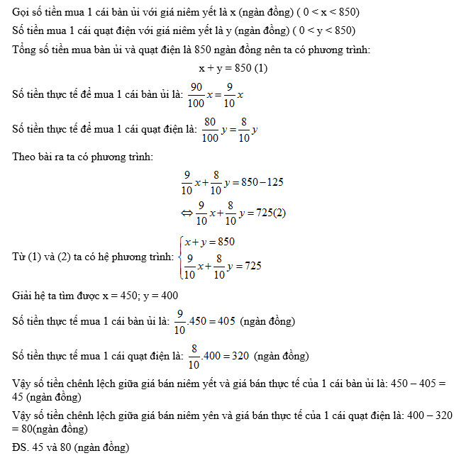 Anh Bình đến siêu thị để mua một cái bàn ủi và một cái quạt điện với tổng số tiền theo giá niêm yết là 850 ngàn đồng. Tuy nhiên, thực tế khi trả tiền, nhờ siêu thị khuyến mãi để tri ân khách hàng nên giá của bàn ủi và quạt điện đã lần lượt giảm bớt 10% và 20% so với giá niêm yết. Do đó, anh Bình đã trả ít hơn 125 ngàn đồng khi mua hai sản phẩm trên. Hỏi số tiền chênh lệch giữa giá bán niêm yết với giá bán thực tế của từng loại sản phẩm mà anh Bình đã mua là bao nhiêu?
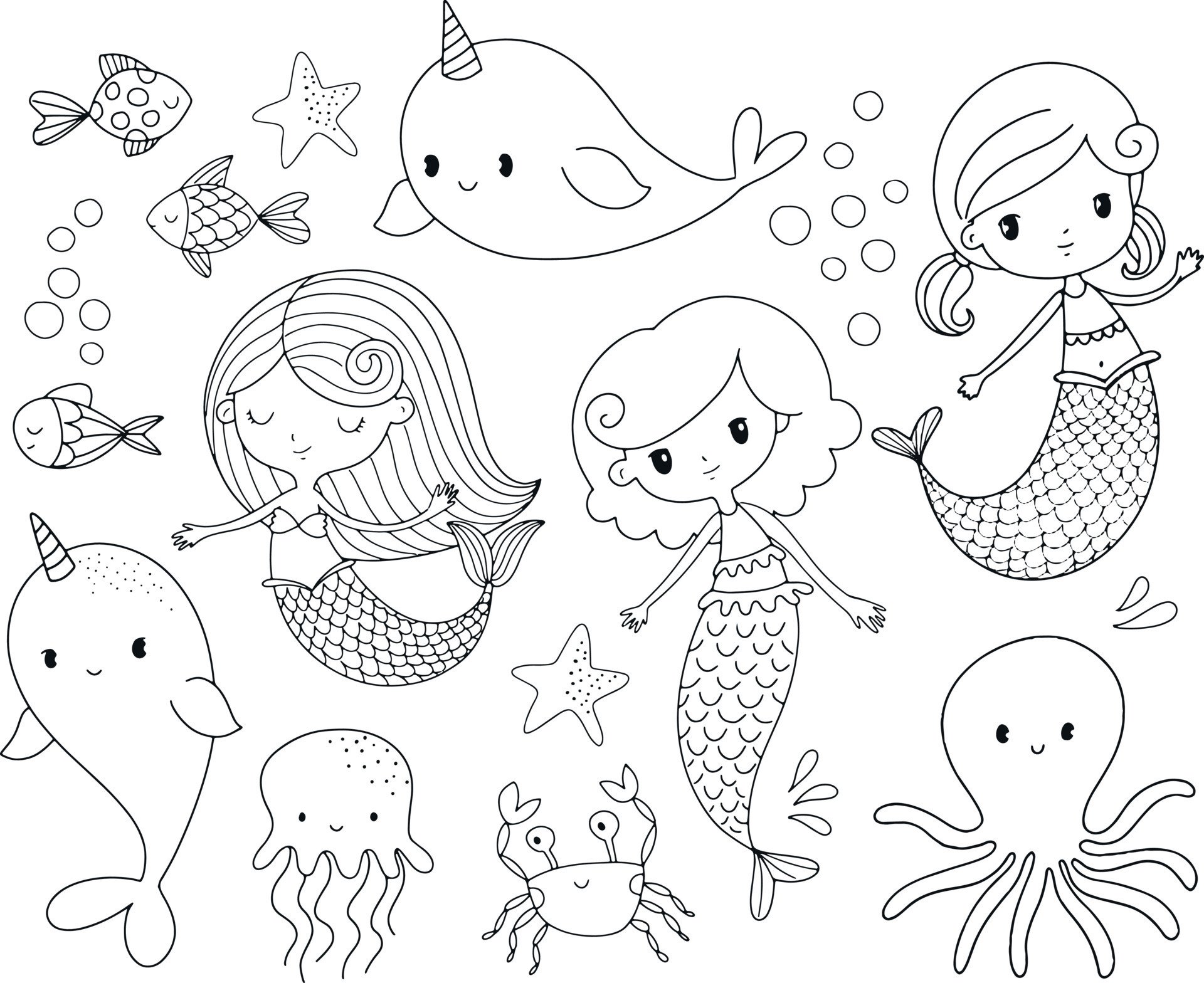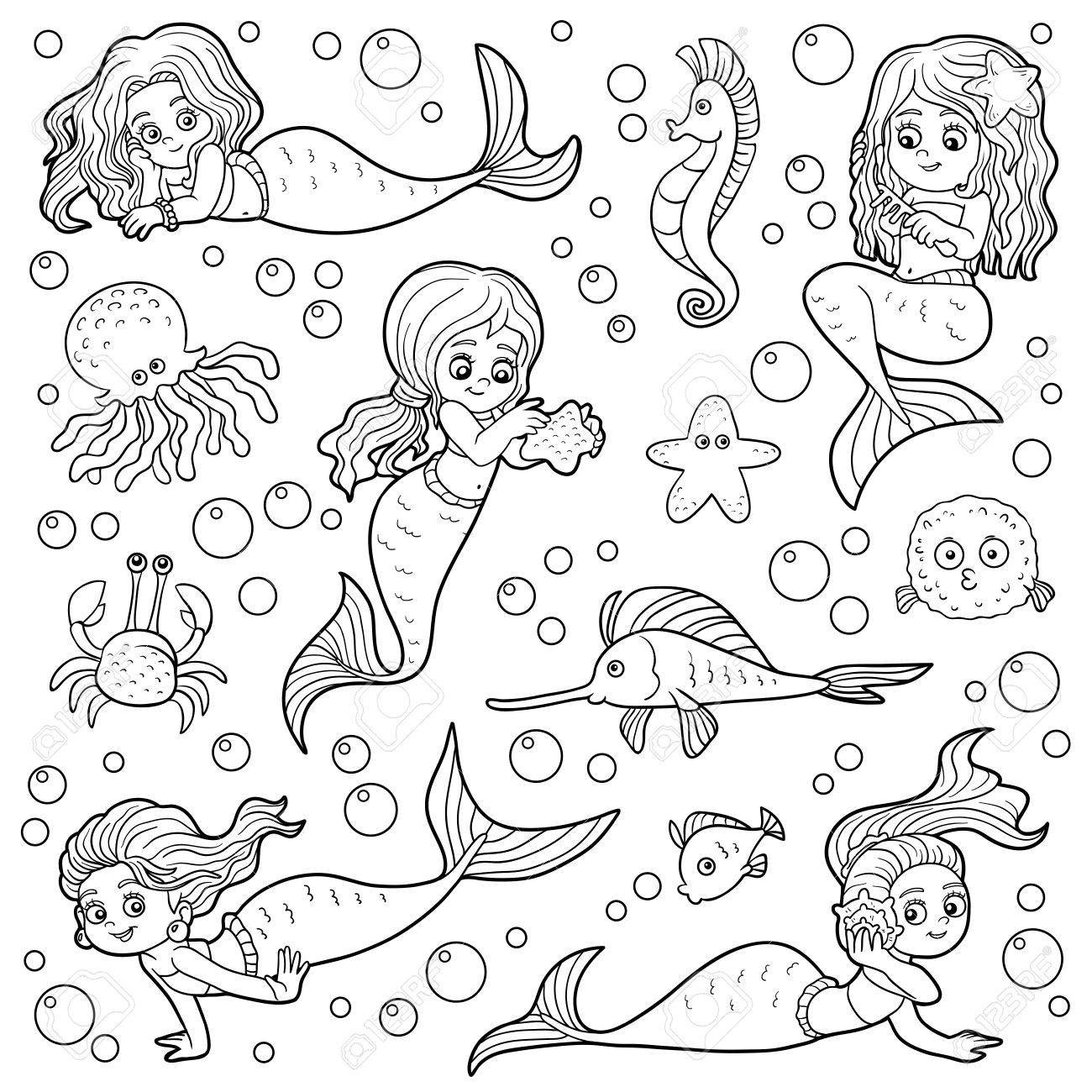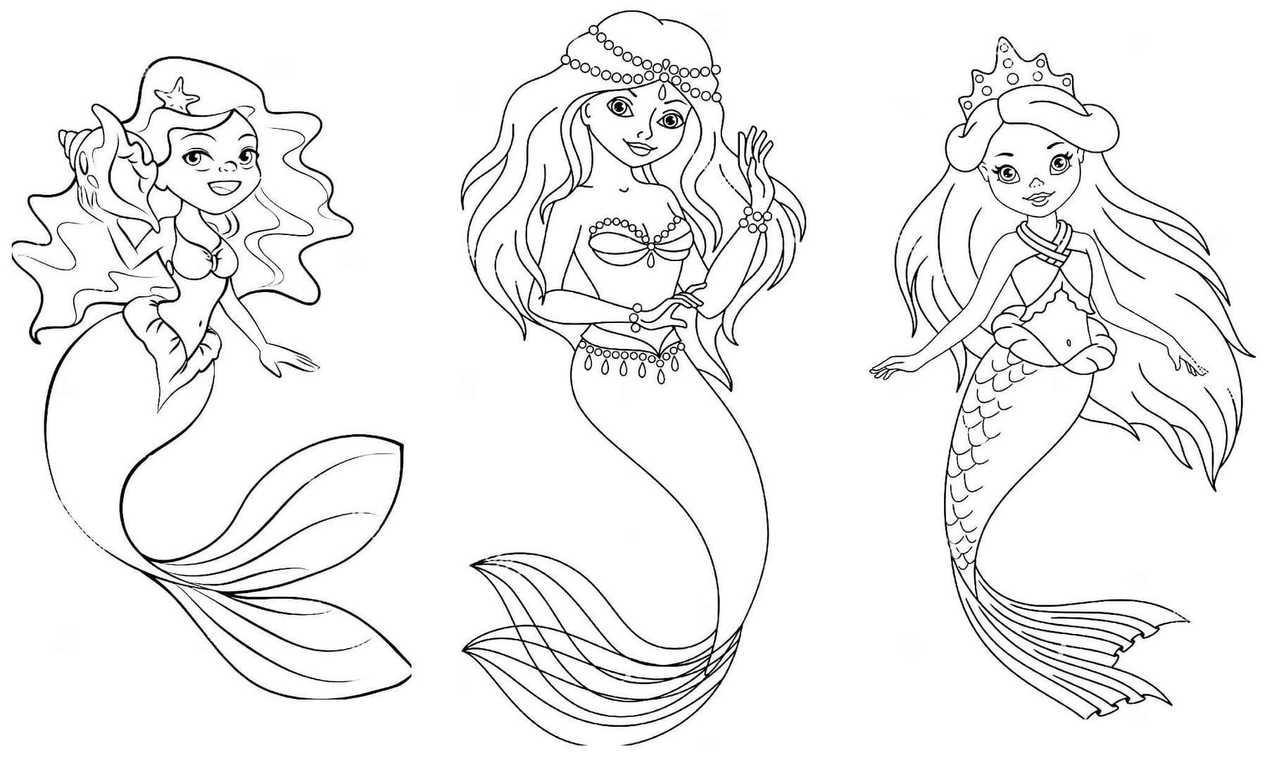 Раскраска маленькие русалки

• • • • • • •

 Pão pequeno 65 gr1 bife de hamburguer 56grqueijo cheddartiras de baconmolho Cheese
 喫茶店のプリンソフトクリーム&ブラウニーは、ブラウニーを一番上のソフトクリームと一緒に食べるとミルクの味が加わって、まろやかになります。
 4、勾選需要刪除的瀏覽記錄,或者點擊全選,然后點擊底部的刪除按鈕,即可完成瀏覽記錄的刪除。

• • • • • • •

Repeat the entries above verbatim, but only from the line that has "喫茶店のプリンソフトクリーム" down to the line that has "4、勾選需要刪除的瀏覽記錄,或者點擊全選", inclusive.

● EXERCISE ANSWER:
 喫茶店のプリンソフトクリーム&ブラウニーは、ブラウニーを一番上のソフトクリームと一緒に食べるとミルクの味が加わって、まろやかになります。
 4、勾選需要刪除的瀏覽記錄,或者點擊全選,然后點擊底部的刪除按鈕,即可完成瀏覽記錄的刪除。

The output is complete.